Another option in this vein is to make enrollment an “active decision”—that is, requiring new hires to check “yes” or “no” to a savings plan before receiving a paycheck—or simply making the enrollment process easier. In one study, when employees were presented with a “yes” or “no” decision to enroll in a plan with a default contribution rate and asset allocation, participation during the first four months of employment increased from 9% to 34%.
(To get already-enrolled employees to save more, firms might adjust their matching formulas: rather than match 50% up to 6% of the employee’s salary, they might match 30% up to 10%.)
Save More Tomorrow
Another way to nudge workers, especially younger ones, to increase their automatic savings rate is to adopt a program of escalating contribution percentages.
Developed by Thaler and another behavioral economist named Shlomo Benartzi, the Save More Tomorrow program ties contribution increases to pay raises.

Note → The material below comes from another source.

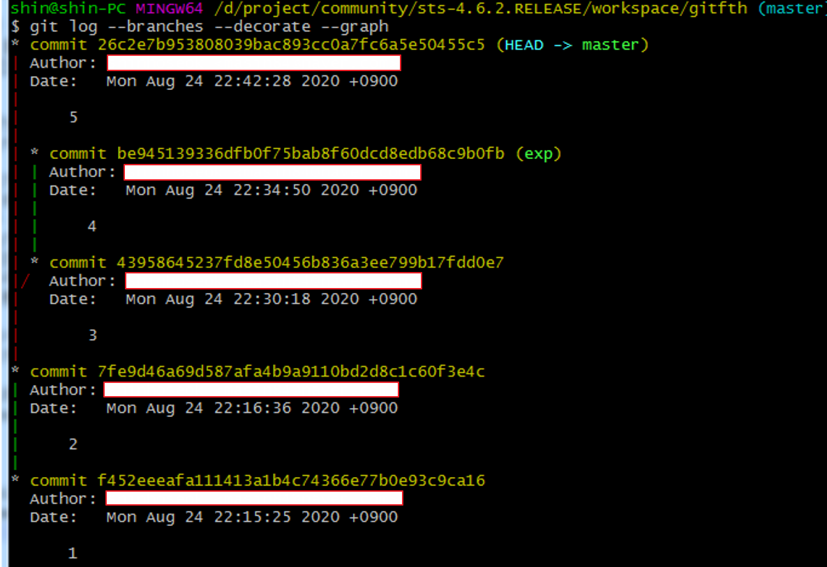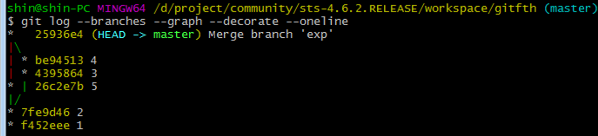 > exp 에서 작업한 4번과, master에서 작업한 3,5번을 부모로 갖는다. 즉 4번이 마지막 exp 커밋 파일 5번이 없다.

With each raise, an employee’s contribution to his or her retirement plan increases by a predetermined percentage.
In the pilot implementation of a Save More Tomorrow plan in 1998, researchers found that a large majority—nearly 80%—of employees who were resistant to increasing their savings rate immediately were amenable to the Save More Tomorrow option. As it turned out, the workers who opted into the program ended up saving the most among their colleagues; and when they maxed out their allowable contribution under the terms of the plan, they simply left their contribution at that maximum rate (the human tendency to inertia at work!).
Of course, the most effective way to nudge workers toward a Save More Tomorrow program is to automatically enroll people in it. The Safelite Group was the first to enroll its employees in a Save More Tomorrow automatic savings program, and it saw only 6% opt out after its first year.